Source data:
= Beginning of Section =

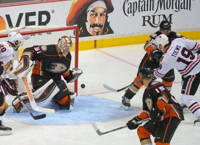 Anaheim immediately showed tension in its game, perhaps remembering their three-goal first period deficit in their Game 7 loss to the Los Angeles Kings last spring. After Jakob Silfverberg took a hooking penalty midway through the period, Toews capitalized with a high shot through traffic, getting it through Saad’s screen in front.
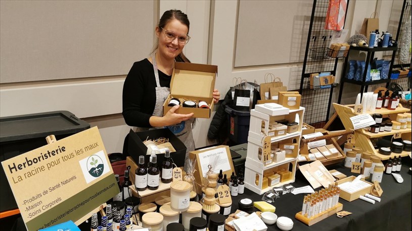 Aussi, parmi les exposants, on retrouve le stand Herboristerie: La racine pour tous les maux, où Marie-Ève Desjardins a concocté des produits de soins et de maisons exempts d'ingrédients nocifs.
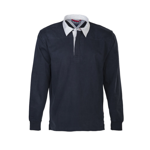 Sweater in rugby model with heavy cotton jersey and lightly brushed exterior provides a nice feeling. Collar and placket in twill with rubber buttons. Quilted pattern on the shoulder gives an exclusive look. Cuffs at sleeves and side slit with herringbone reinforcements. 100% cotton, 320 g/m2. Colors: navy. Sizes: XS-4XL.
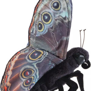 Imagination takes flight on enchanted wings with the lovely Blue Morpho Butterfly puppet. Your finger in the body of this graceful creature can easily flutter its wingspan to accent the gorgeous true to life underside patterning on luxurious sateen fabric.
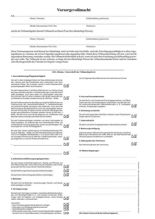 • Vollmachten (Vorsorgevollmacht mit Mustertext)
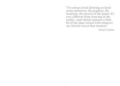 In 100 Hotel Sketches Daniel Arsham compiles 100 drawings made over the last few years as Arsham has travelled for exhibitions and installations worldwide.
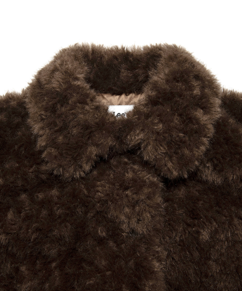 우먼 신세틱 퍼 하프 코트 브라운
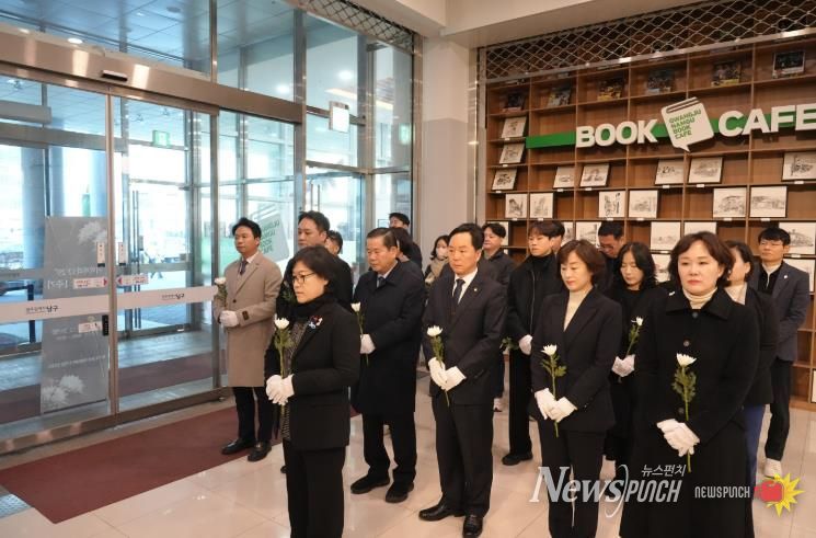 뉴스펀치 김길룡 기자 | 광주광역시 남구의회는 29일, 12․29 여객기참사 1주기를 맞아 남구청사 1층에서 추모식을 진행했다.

= End of Section =

Exercise instructions: From the line with "Imagination takes flight" to the final line of the records, inclusive, set down the lines exactly and add nothing; leave every picture out.

Exercise result:
 Imagination takes flight on enchanted wings with the lovely Blue Morpho Butterfly puppet. Your finger in the body of this graceful creature can easily flutter its wingspan to accent the gorgeous true to life underside patterning on luxurious sateen fabric.
 • Vollmachten (Vorsorgevollmacht mit Mustertext)
 In 100 Hotel Sketches Daniel Arsham compiles 100 drawings made over the last few years as Arsham has travelled for exhibitions and installations worldwide.
 우먼 신세틱 퍼 하프 코트 브라운
 뉴스펀치 김길룡 기자 | 광주광역시 남구의회는 29일, 12․29 여객기참사 1주기를 맞아 남구청사 1층에서 추모식을 진행했다.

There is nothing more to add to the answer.